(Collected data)
>>>
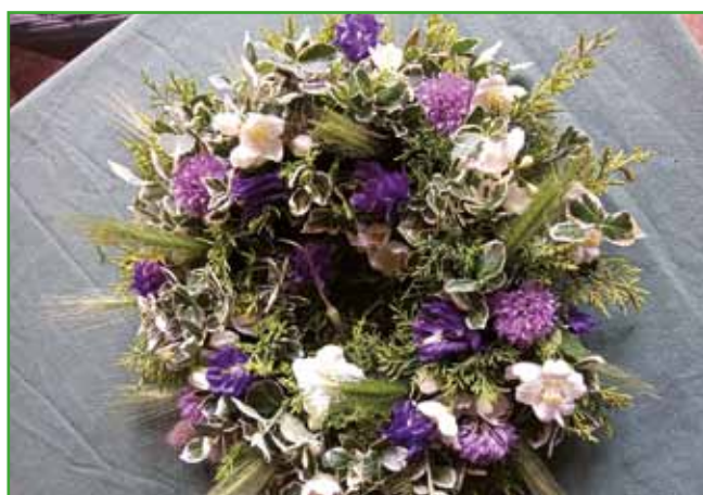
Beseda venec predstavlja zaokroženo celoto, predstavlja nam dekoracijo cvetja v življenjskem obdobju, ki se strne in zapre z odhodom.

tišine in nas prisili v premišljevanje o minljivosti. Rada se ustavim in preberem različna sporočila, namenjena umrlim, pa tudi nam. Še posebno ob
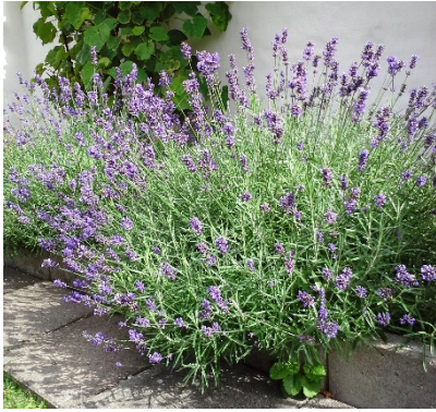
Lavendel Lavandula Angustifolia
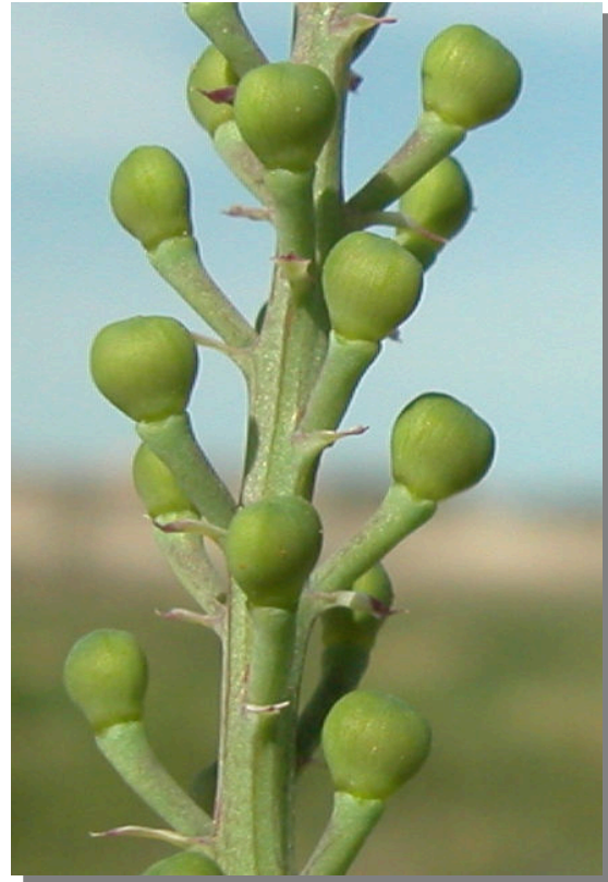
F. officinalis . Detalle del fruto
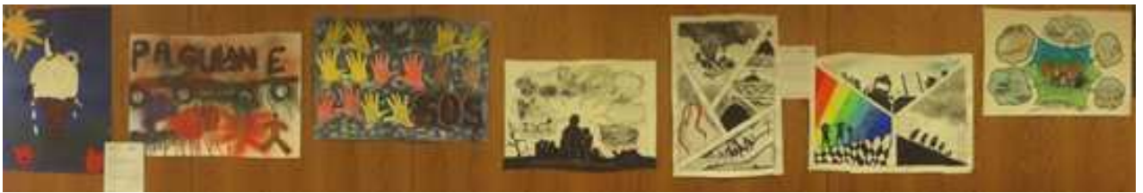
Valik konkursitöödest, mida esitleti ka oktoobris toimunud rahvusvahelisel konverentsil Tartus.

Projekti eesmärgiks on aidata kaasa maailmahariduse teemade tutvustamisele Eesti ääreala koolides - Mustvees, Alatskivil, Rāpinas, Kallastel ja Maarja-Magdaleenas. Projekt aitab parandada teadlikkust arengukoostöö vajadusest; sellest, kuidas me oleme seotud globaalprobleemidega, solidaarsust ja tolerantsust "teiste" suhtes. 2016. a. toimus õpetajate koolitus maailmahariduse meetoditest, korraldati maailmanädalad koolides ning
<<<
> [TASK DETAILS]:
Set down the records exactly, without the pictures.

> [RESPONSE TO THIS TASK]:
Beseda venec predstavlja zaokroženo celoto, predstavlja nam dekoracijo cvetja v življenjskem obdobju, ki se strne in zapre z odhodom.

tišine in nas prisili v premišljevanje o minljivosti. Rada se ustavim in preberem različna sporočila, namenjena umrlim, pa tudi nam. Še posebno ob
Lavendel Lavandula Angustifolia
F. officinalis . Detalle del fruto
Valik konkursitöödest, mida esitleti ka oktoobris toimunud rahvusvahelisel konverentsil Tartus.

Projekti eesmärgiks on aidata kaasa maailmahariduse teemade tutvustamisele Eesti ääreala koolides - Mustvees, Alatskivil, Rāpinas, Kallastel ja Maarja-Magdaleenas. Projekt aitab parandada teadlikkust arengukoostöö vajadusest; sellest, kuidas me oleme seotud globaalprobleemidega, solidaarsust ja tolerantsust "teiste" suhtes. 2016. a. toimus õpetajate koolitus maailmahariduse meetoditest, korraldati maailmanädalad koolides ning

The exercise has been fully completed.